#### ABOUT THIS TASK
Work through the listing below and give again exactly the lines from the one with "Shrimp wonton with" to the one with "Hab mich ganz", both ends included. All other lines and all pictures stay out.

#### DATA
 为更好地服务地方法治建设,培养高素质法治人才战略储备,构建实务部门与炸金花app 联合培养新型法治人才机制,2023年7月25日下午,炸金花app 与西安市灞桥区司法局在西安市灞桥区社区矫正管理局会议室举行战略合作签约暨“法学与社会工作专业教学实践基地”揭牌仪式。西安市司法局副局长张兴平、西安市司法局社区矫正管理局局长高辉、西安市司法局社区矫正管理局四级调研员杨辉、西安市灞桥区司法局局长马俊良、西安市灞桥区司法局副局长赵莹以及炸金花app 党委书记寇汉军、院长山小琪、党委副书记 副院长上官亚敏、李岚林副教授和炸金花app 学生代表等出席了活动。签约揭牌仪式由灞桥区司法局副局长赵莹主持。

==

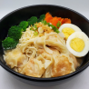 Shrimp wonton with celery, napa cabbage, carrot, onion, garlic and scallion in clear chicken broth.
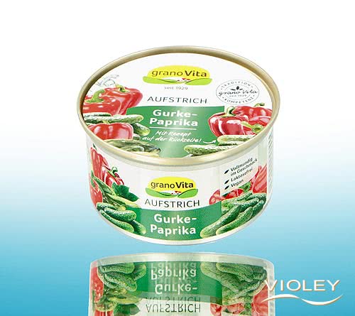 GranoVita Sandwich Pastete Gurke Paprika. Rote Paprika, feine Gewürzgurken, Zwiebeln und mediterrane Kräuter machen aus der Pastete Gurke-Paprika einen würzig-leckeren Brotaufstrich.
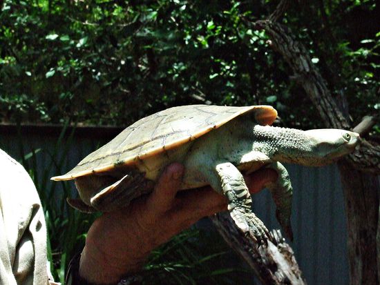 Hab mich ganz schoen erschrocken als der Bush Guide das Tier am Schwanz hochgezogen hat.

#### ANSWER TO THIS PROBLEM
 Shrimp wonton with celery, napa cabbage, carrot, onion, garlic and scallion in clear chicken broth.
 GranoVita Sandwich Pastete Gurke Paprika. Rote Paprika, feine Gewürzgurken, Zwiebeln und mediterrane Kräuter machen aus der Pastete Gurke-Paprika einen würzig-leckeren Brotaufstrich.
 Hab mich ganz schoen erschrocken als der Bush Guide das Tier am Schwanz hochgezogen hat.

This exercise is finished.